Commodities: Gold, Silver perform better while oil rises on Iran stalemate
Updated : 15:33
The commodities market enjoyed one of its better days in almost two months with precious metals, crude oil and base metals either maintaining day before levels or ending Wednesday trading higher.
As the Iranian nuclear talks went well beyond the stated deadline of midnight on Tuesday, both oil benchmarks found support overnight, but began Asian trading marginally lower.
At 07:15 on Thursday, the Brent front month futures contract was trading down 36 cents or 0.63% at $56.74 per barrel while the WTI was trading down 42 cents or 0.84% at $49.67 per barrel.
Jasper Lawler, market analyst at CMC Markets, said: “Iran nuclear talks continue to dominate the direction of oil prices where negotiations have been extended by 24 hours twice. Having fallen sharply from the peaks reached after the Yemen air strikes, crude oil pulled higher on Wednesday with no Iran agreement in place.”
Nonetheless, anecdotal evidence suggests the prospect of Iranian crude flooding the market appear to be exaggerated. The Islamic republic is said to have up to 40 million barrels of crude oil stocked up ready for export should sanctions be lifted.

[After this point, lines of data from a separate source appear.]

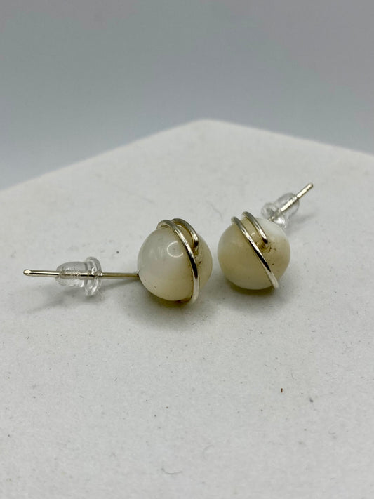 Mother of Pearl Silver Stud Earrings by Hip Chick Glass, Handmade Birthstone Earrings, Pearl Earrings, Pearl Stud Earrings, Sterling & Gemstone Wire Wrap Earrings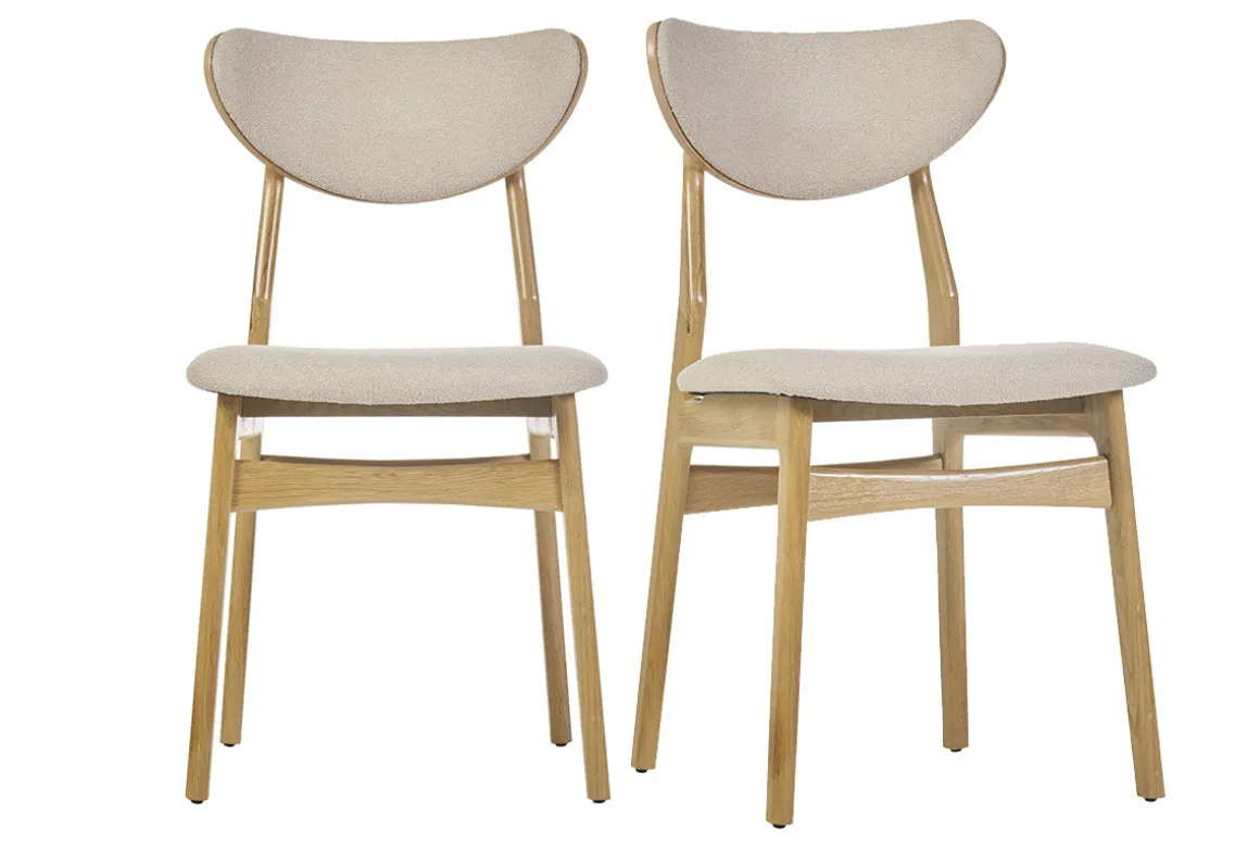 Avec les chaises scandinaves MAYA, courbes, bois clair et tissu bouclette ne forment plus qu’un !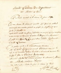 Registre des procès-verbaux de la Société Linnéenne d’Anjou, dès sa fondation à l’initiative d’Aimé de Soland (1819-1910), avocat, archéologue et naturaliste, directeur du Bulletin historique et monumental de l’Anjou de 1852 à 1870. Soland, secrétaire, a souvent rédigé et signé les procès-verbaux jusqu’à la fin de 1855, puis fut remplacé par le Dr P. Mabille. Y sont consignés les découvertes et rapports de ses membres, ainsi que la réception ou la lecture d’écrits de naturalistes, notamment sur la botanique, les poissons, les oiseaux, l’agriculture, des recherches géologiques et archéologiques, etc. À la fin, listes de membres (85 à cette époque, dont plusieurs médecins et l’imprimeur V. Pavie), et de correspondants non résidents (Eug. Chevreul, I. Geoffroy Saint-Hilaire, A. de Caumont...). On joint 3 convocations impr. avec ordre du jour et divers documents.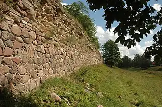 | Ивангородская крепость | Ленинградская область, Ивангород | Заложена в 1492 г.[39], перестроена в середине XVI в. Сейчас архитектурный комплекс XV—XVIII вв. | Сильно повреждена гитлеровцами в 1944 г., однако сохранилась в основных своих частях. | ![]() |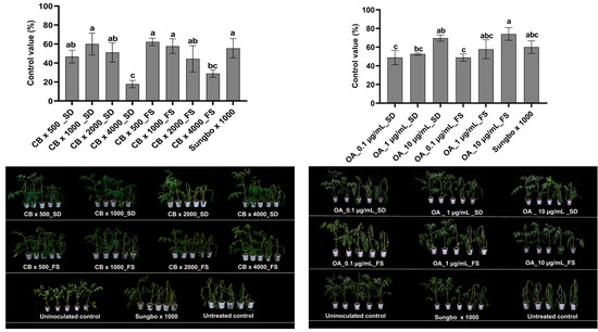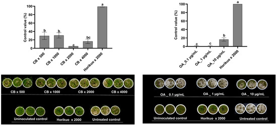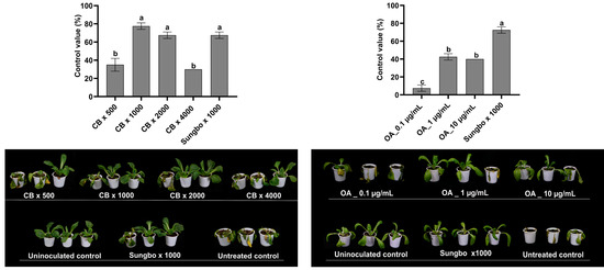 In parallel, OA demonstrated control values of 42.6 and 40% against kimchi cabbage soft rot when treated at concentrations of 1 and 10 µg/mL, respectively.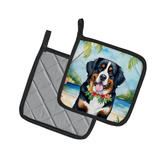 Bernese Mountain Dog Luau Pair of Pot Holders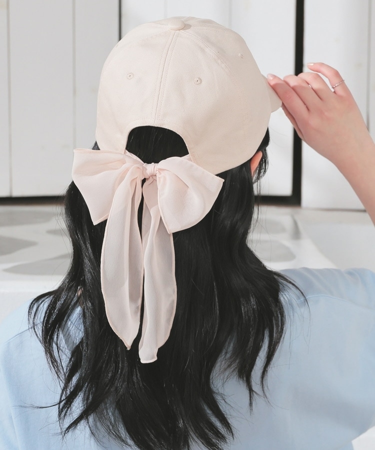 カジュアルな印象のキャップながら、バッグリボンがさりげなくガーリーなデザイン。

While an Iranian settlement was worthy of furthering bearish sentiment, two spot traders and four ship brokerage contacts in Rotterdam, The Netherlands, told ShareCast that it will take at until June for the cargo to be moved.

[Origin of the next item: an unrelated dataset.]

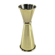 Elevate your bartending skills with the gold banded jigger by Beaumont. This bar essential ensures consistent shot measurements with its double-ended design, featuring precise internal markings. Pouring is a breeze, thanks to its wide opening. And, with an hourglass shape, you can flip the jigger easily - perfect if you like putting on a show whilst making cocktails.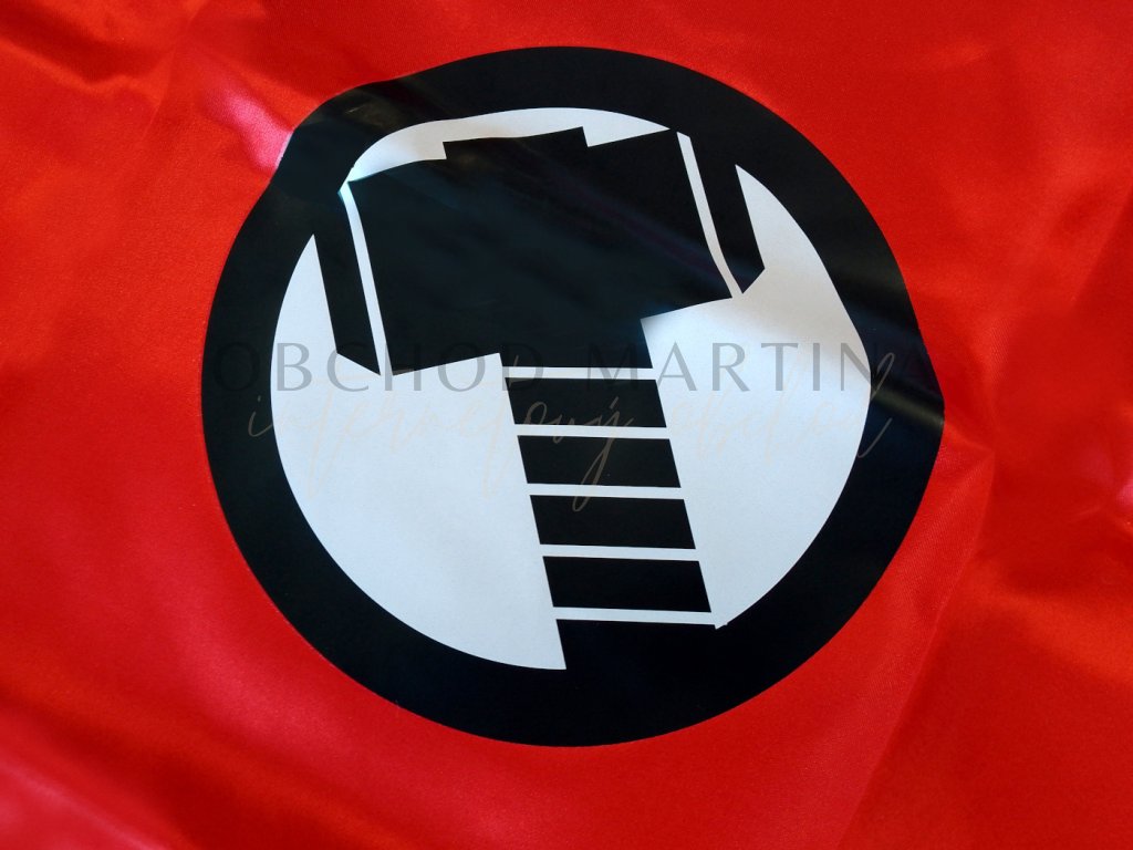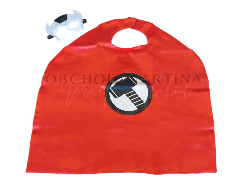 Součástí setu je červený plášť s černobílým potiskem Thorova kladiva, které je symbolem moci a spravedlnosti. Doplňuje ho originální maska z plsti s rohy a typickým motivem Thora, která skvěle padne a drží pomocí pružné gumičky.

Meanwhile, a relatively weaker dollar lent support to precious metals including gold and silver, but base metals continued their tepid run. At 07:45 on Thursday, Dubai Gold Futures were trading down a fraction by 0.2% at $1183.50 an ounce. Overnight, silver ended down 0.2% at $16.56 an ounce.
Elsewhere, lacklustre Chinese manufacturing data dented overnight confidence in copper. At 16:35 on Wednesday, the three-month copper contract was trading at $6018.00, down 57 cents or 0.9%.
Chris Beauchamp, senior market analyst at IG said: “Gold and silver looked firmly weaker Wednesday morning, continuing their form of recent days, but the afternoon’s data provided buyers with the excuse that they had been waiting for as the dollar and equities declined.”
“Gold moved back to $1200, and the swift reversal meant the metal enjoyed its best day in two weeks. Oil rallied hard as well, but this commodity is still stuck in an endless chop-chop battle between buyers and sellers, making life very difficult for all concerned.”